### Mar 2024: END SEMESTER ASSESSMENT (ESA)
## M TECH DATA SCIENCE AND MACHINE LEARNING_ SEMESTER II

### UE20CS935: Introduction to Deep Learning and Applications


#### Section B: Question No:2   (10 marks)
Build a Convolution Neural Network to classify 5 classes of Indian food items.
Dataset_Folder Name: Food classification.

Conditions to consider:

--Parameters should not cross 300000

--Should not use more than 4 layers (except input and output, including convolution and dense layers)

--Use Adam Optimizer


In [1]:
import tensorflow as tf
from tensorflow.keras.models import Sequential
from tensorflow.keras.layers import Conv2D, MaxPool2D, Flatten, Dense, GlobalAveragePooling2D, Dropout
from tensorflow.keras.optimizers import Adam
from tensorflow.keras.preprocessing.image import ImageDataGenerator
from tensorflow.keras.callbacks import EarlyStopping, ModelCheckpoint
import os

os.environ["CUDA_DEVICE_ORDER"]="PCI_BUS_ID"
os.environ["CUDA_VISIBLE_DEVICES"]="0"

In [2]:
train_dir="Food classification/Train"
test_dir="Food classification/Test"

In [None]:
# Use ImageDataGenerator to scale the images and read the data from all subfolders
#Hint: train_datagen=ImageDataGenerator(rescale=1/255.)
#      train_data=train_datagen.flow_from_directory(train_dir,
#                                             target_size=(128,128),
#                                             batch_size=32,
#                                             class_mode='categorical')
# do the same for Test data

In [3]:
# Image size and batch size
img_size = (128, 128)
batch_size = 32

In [4]:
# Image generators
train_datagen = ImageDataGenerator(rescale=1./255)
test_datagen = ImageDataGenerator(rescale=1./255)

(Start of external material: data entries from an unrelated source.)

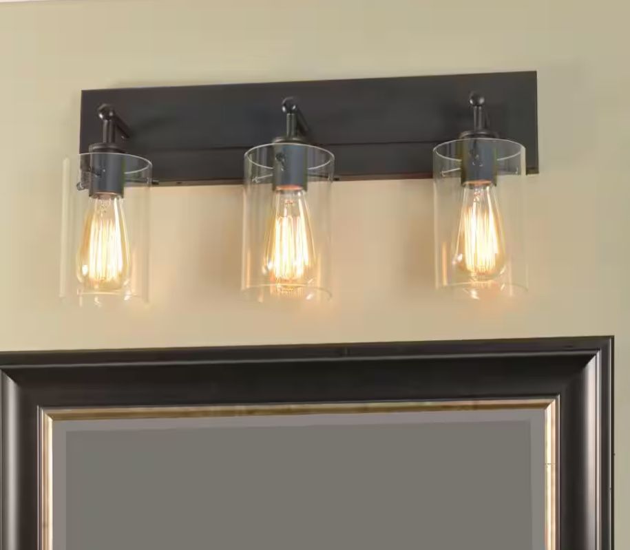 Regan 21 in. 3-Light Espresso Bronze Bathroom Vanity Light with Clear Glass Shades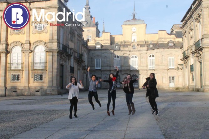 In La Granja, Segovia, with some random student, Ada, myself, Sophia and Sarah!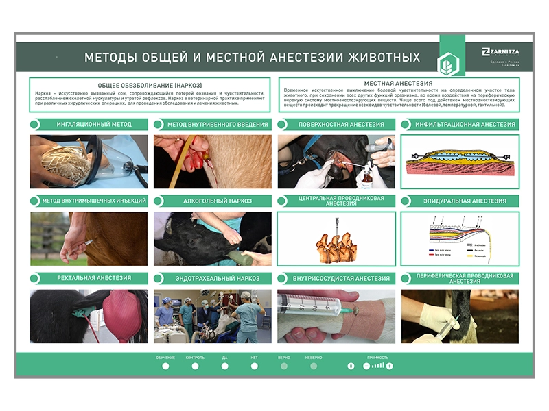 Электрифицированный стенд "Методы общей и местной анестезии" представляет собой полноцветную светодинамическую панель, на которой представлена информация о методах общей и местной анестезии. В конструкцию учебного оборудования интегрированы высокочувствительные сенсоры для управления стендом при помощи интерактивного воздействия приемо-передающих устройств. Предусмотрено два режима работы со стендом: "Обучение" и "Контроль".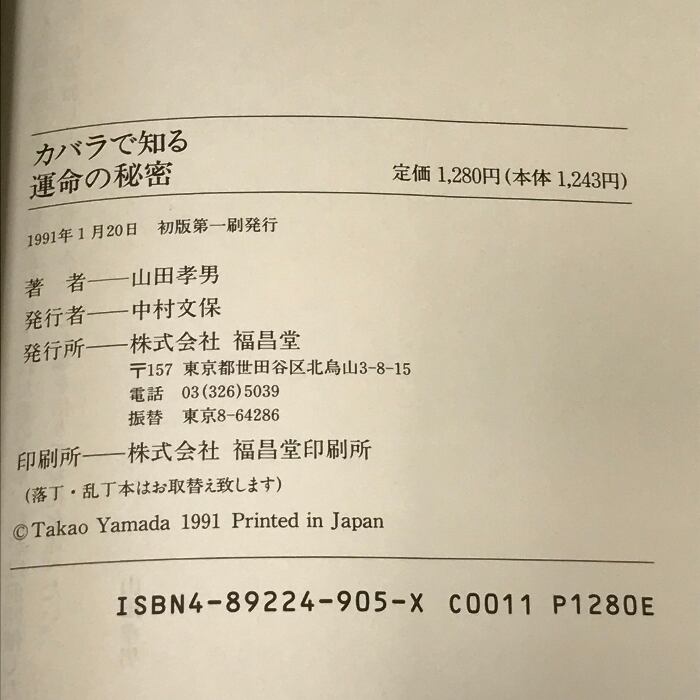 タイトル:カバラで知る運命の秘密 福昌堂 山田 孝男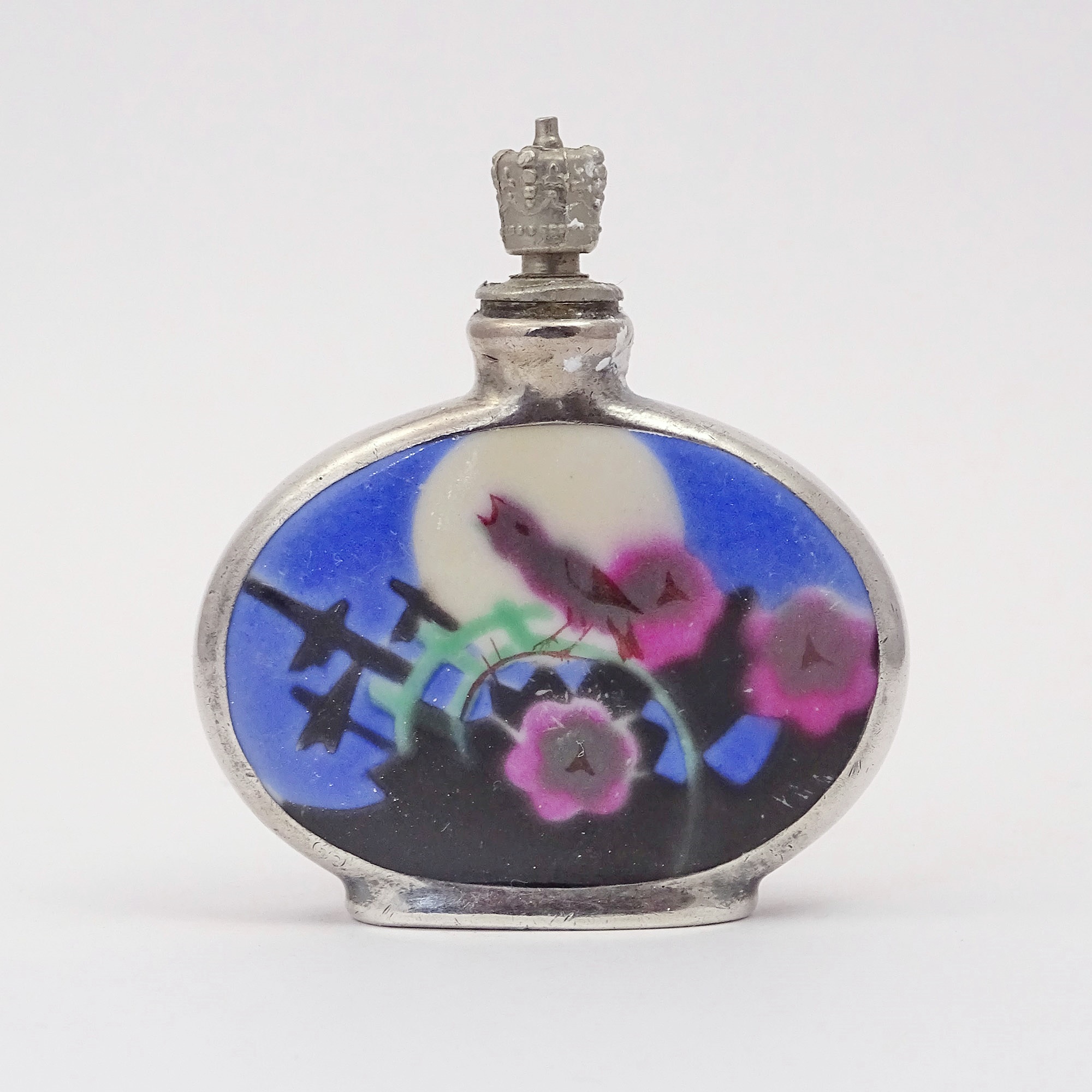 White enameled porcelain scent bottle with a nocturnal scene where a nightingale sings at the moon. Silver rimmed. Metal crown cap.

train_data = train_datagen.flow_from_directory(
    train_dir, target_size=img_size, batch_size=batch_size, class_mode='categorical'
)

test_data = test_datagen.flow_from_directory(
    test_dir, target_size=img_size, batch_size=batch_size, class_mode='categorical'
)

Found 90 images belonging to 5 classes.
Found 50 images belonging to 5 classes.


In [5]:
#create the sequestial model with 2-3 layers ov Conv2D and Pooling
#Compile the model
#Infer the model summary

In [6]:
# Model creation (reduced filters to stay under 20K params)
model = Sequential([
    Conv2D(8, (3, 3), activation='relu', input_shape=(128, 128, 3)),
    MaxPool2D(pool_size=(2, 2)),

    Conv2D(16, (3, 3), activation='relu'),
    MaxPool2D(pool_size=(2, 2)),

    Conv2D(32, (3, 3), activation='relu'),
    MaxPool2D(pool_size=(2, 2)),

    Flatten(),
    Dense(5, activation='softmax')  # Use 5 if you have 5 classes
])
# Compile the model
model.compile(optimizer=Adam(), loss='categorical_crossentropy', metrics=['accuracy'])

# Infer model summary
model.summary()

Model: "sequential"
_________________________________________________________________
 Layer (type)                Output Shape              Param #   
 conv2d (Conv2D)             (None, 126, 126, 8)       224       
                                                                 
 max_pooling2d (MaxPooling2  (None, 63, 63, 8)         0         
 D)                                                              
                                                                 
 conv2d_1 (Conv2D)           (None, 61, 61, 16)        1168      
                                                                 
 max_pooling2d_1 (MaxPoolin  (None, 30, 30, 16)        0         
 g2D)                                                            
                                                                 
 conv2d_2 (Conv2D)           (None, 28, 28, 32)        4640      
                                                                 
 max_pooling2d_2 (MaxPoolin  (None, 14, 14, 32)        0

In [None]:
# fit the model for train data and run it for 5 epoch

In [7]:
# Fit the model on training data for 5 epochs
model.fit(
    train_data,
    validation_data=test_data,
    epochs=5
)

Epoch 1/5
Epoch 2/5
Epoch 3/5
Epoch 4/5
Epoch 5/5


<keras.src.callbacks.History at 0x1fbad975990>

In [None]:
# evaluate the model for test data
# Justify whether the model is overfitting or underfitting

In [8]:
# Evaluate the trained model on test data
loss, accuracy = model.evaluate(test_data)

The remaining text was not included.